So without AI, you’ve seen that trend happen, and I don’t think it requires AI for that cash to be invested in higher-yielding alternatives. I think AI is kind of being sort of used to describe the phenomenon that we already anticipated would happen. And so, I don’t see much more of an incremental threat maybe to the e-brokers where there’s not a financial advisor involved that’s been helping our clients reinvest those cash balances, perhaps. I’m not sure. We’re not an e-broker so I’m not an expert in that space. But I don’t see it really impacting our space much more incrementally, but again, I haven’t seen the AI and agentic solution neither that everyone is talking about. So I’m not sure to tell you the truth, but we feel like the sweep balances have stabilized. Over the last several quarters, we have the quarterly fee billings, we have the tax dynamic every year that we talked about. But outside of that, there’s not a whole lot of cash- in movement right now given where rates are at. It’s been pretty stable across the industry overall. As far as AI goes and your question around AI, I think it’s already been helpful in our industry. And so, we’ve had three client events in the last quarter with advisors and clients, one in Memphis, one in Atlanta, one in Miami. And I would tell you, when you see the advisor relationship with clients, there’s no doubt that the deeply personal relationships that advisors have with clients trump any kind of technology or AI bot that may exist in the future. These are deeply personal relationships.

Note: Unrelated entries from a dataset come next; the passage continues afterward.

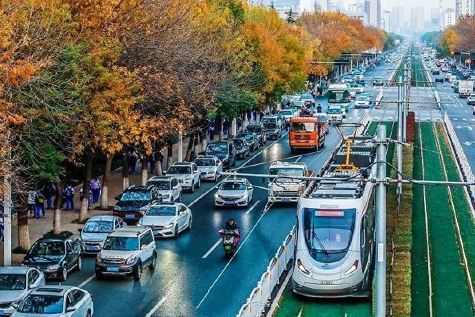 城市发展日新月异。近几年,青岛市城阳区率先推出了一种新的交通工具——观光交通相结合的有轨电车。
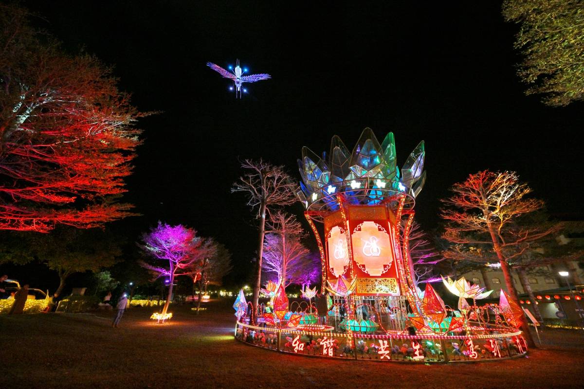 其中主燈位在曼陀羅園,有 12 公尺高,將帶來 3 分鐘的「天馬賜福」展演。特別是今年主燈燈座使用 6 面 LED 螢幕製成,大家可在這裡玩接福袋、迎好運遊戲,充滿趣味性。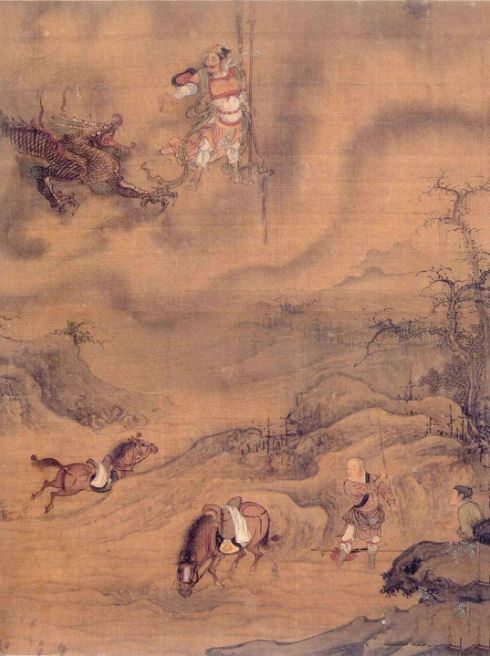 元代画家王振鹏绘制的《唐僧取经图册》之“遇观音得火龙马”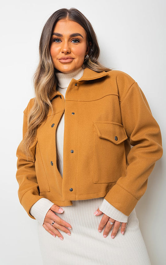 Cropped Long Sleeve Collared Jacket with Pockets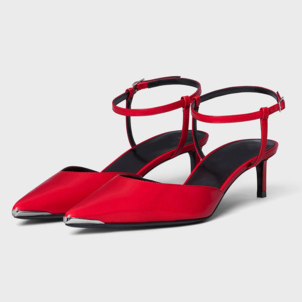Red Pointed Toe Mules Ankle Strap Kitten Heel Pumps for Women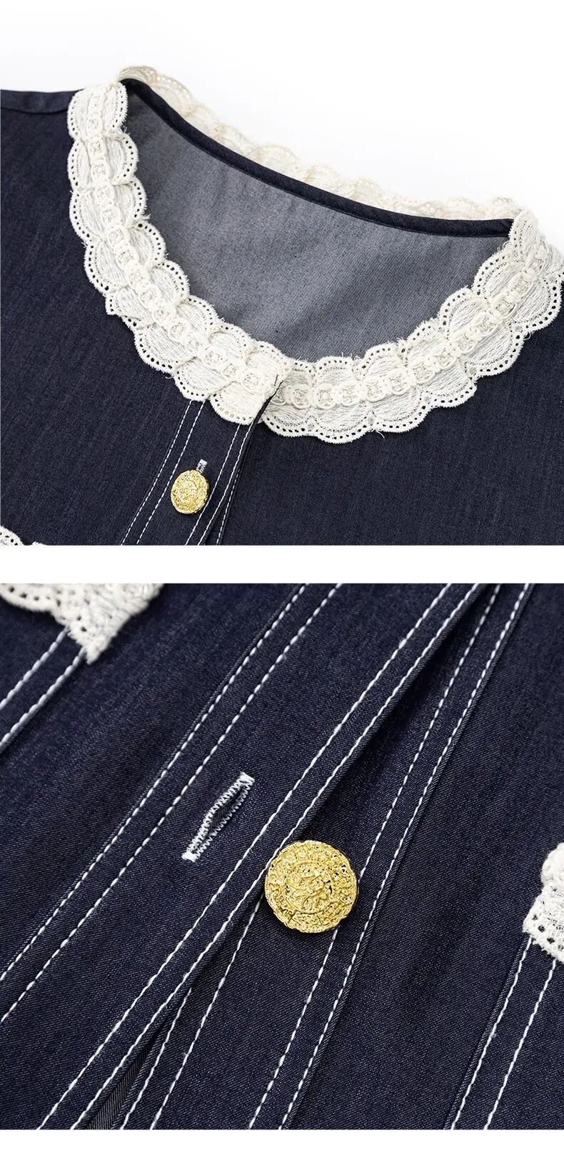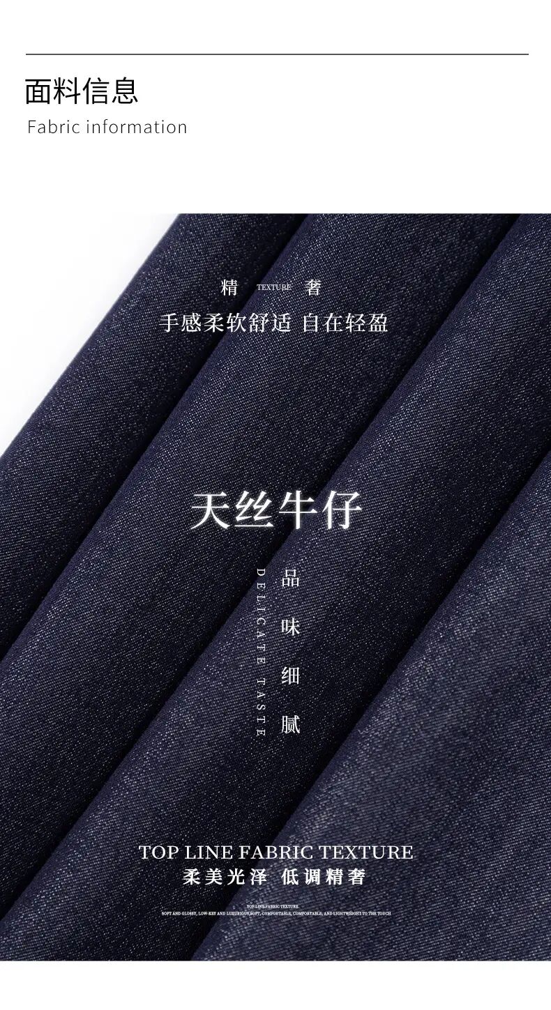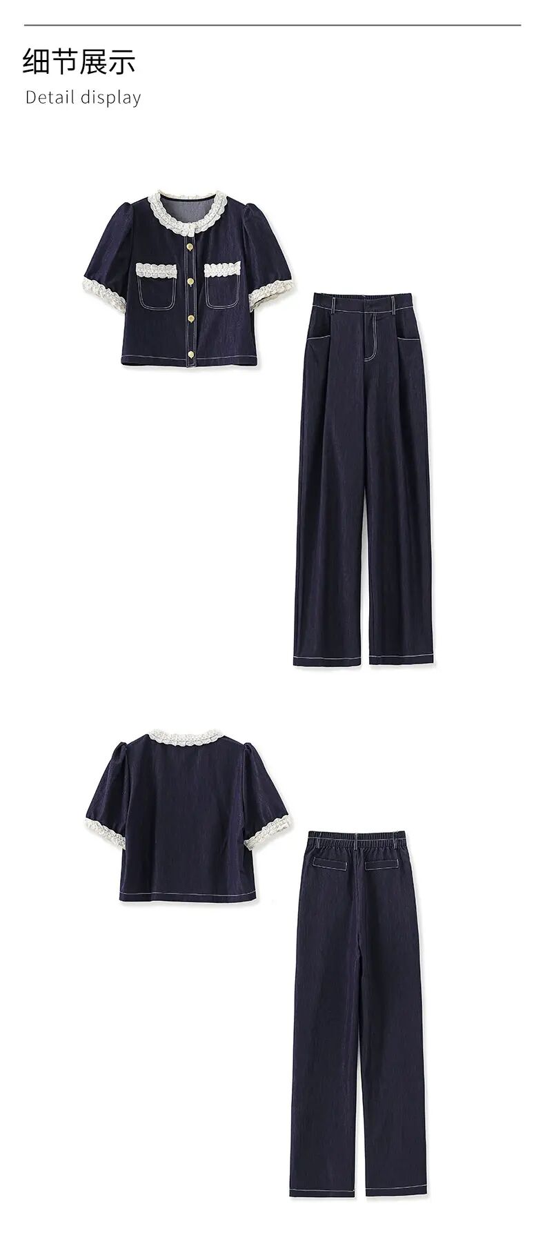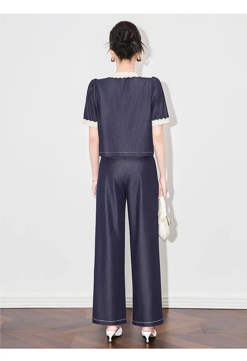 【高货wl】全新升级【铂金会员339/天猫459/差价120】(99415) 洛诗琳时尚花边拼接圆领天丝牛仔上衣休闲阔腿裤女两件套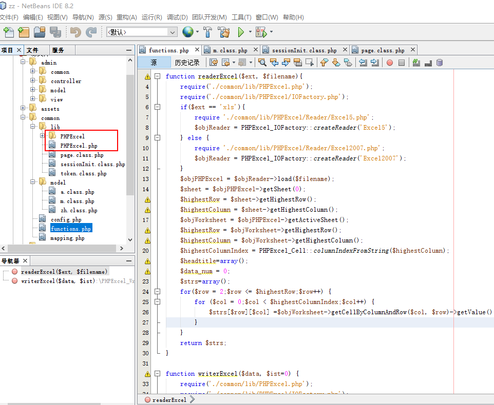 没办法在controller 直接调用PHPExcel 。还好我们有functions.php 自定义全局方法。用function 引用PHPExcel类 进行Excel的读写

I know just with my financial advisor at Raymond James, one of the things that help me sleep better at night and my wife sleep better at night, who is my financial advisor, God forbid, if something will ever happen to me short or intermediate term, my financial advisor knows my wife, knows my family and knows what our financial objectives are and can help my wife navigate that situation and that — if that were to exist. And that’s not something I would trust to an AI bot, no matter how good the algorithm is. And so, those are the type of things. You hear stories where financial — where clients with tears in their eyes talk about at their loved one’s funerals, who was there was their religious leader, their family, their best friends and their financial advisor. So when we talk about AI, we need to understand the value of those personal relationships advisors have with these families. It’s not about transactions. It’s not just about portfolio returns. It’s about really deeply understanding the families’ financial objectives, and that’s something that AI should help down the road because it will help advisors come up with more bespoke, tailored insights that advice save their — save them time on administrative tasks and allow them to spend more time developing those deeply personal relationships with their clients.

Operator

Your next question comes from the line of Michael Cho with J.P. Morgan. Please go ahead.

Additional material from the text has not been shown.